Freshwater inland resources can be contaminated due to the intrusion of saline water, both underground and on surface, increasing drought problems (e.g. experienced in 2003 in the southern region of the Venice lagoon), both for human use and agriculture production (1).

Along the Adriatic and the Mediterranean, storm surge and saltwater intrusion into aquifers threaten parts of the Croatian, Albanian, and Turkish coasts (2). Problems of saline intrusion would be further exacerbated by reductions in runoff and by increased withdrawals in response to higher demand. Excessive demand already contributes to saline intrusion problems in many coastal areas of Italy, Spain, Greece and North Africa (3).

Large areas of the Mediterranean coastline have already been affected by saline intrusion driven by abstraction of water for agriculture and public water supply, with demand for the latter being markedly increased by tourism.

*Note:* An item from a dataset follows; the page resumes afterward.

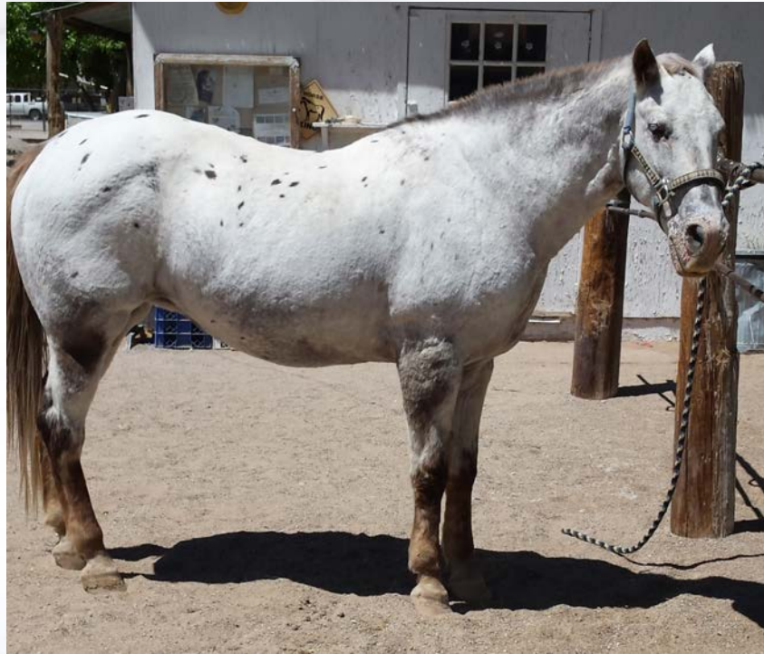
Rose summer of 2017

Across Greece, for example, it is estimated that the total surface area of aquifers impacted by seawater intrusion is about 1,500 km2 (4). The Argolid Plain in eastern Peloponnesus in Greece has undergone a rapid expansion of irrigated agriculture since the 1950s. Groundwater abstraction to support the irrigation of oranges, horticultural crops and olives has been excessive and led to the intrusion of sea water into aquifers. This phenomenon was first recorded in the early 1960s, when groundwater, pumped from certain wells, showed an increase in the concentration of chloride.On the Argolid Plain boreholes have had to be abandoned due to excessive levels of salinity found in the groundwater as a result of such salt water intrusion (5).

Salt water intrusion due to sea-level rise is mostly a very slow process that may take several centuries to reach equilibrium (6). Even small rates of groundwater pumping from coastal aquifers are expected to lead to stronger salinization of the groundwater than sea-level rise during the 21st century (7).


The references below are cited in full in a separate map 'References'. Please click here if you are looking for the full references for Greece.

  1. Eisenreich (2005)
  3. Aru (1996), in: Karas (2000)
  4. Daskalaki and Voudouris (2007), in: European Environment Agency (EEA) (2009)
  5. Collins (2009)
  6. Webb and Howard (2011), in: IPCC (2014)
  7. Ferguson and Gleeson (2012); Loaiciga et al. (2012), both in: IPCC (2014)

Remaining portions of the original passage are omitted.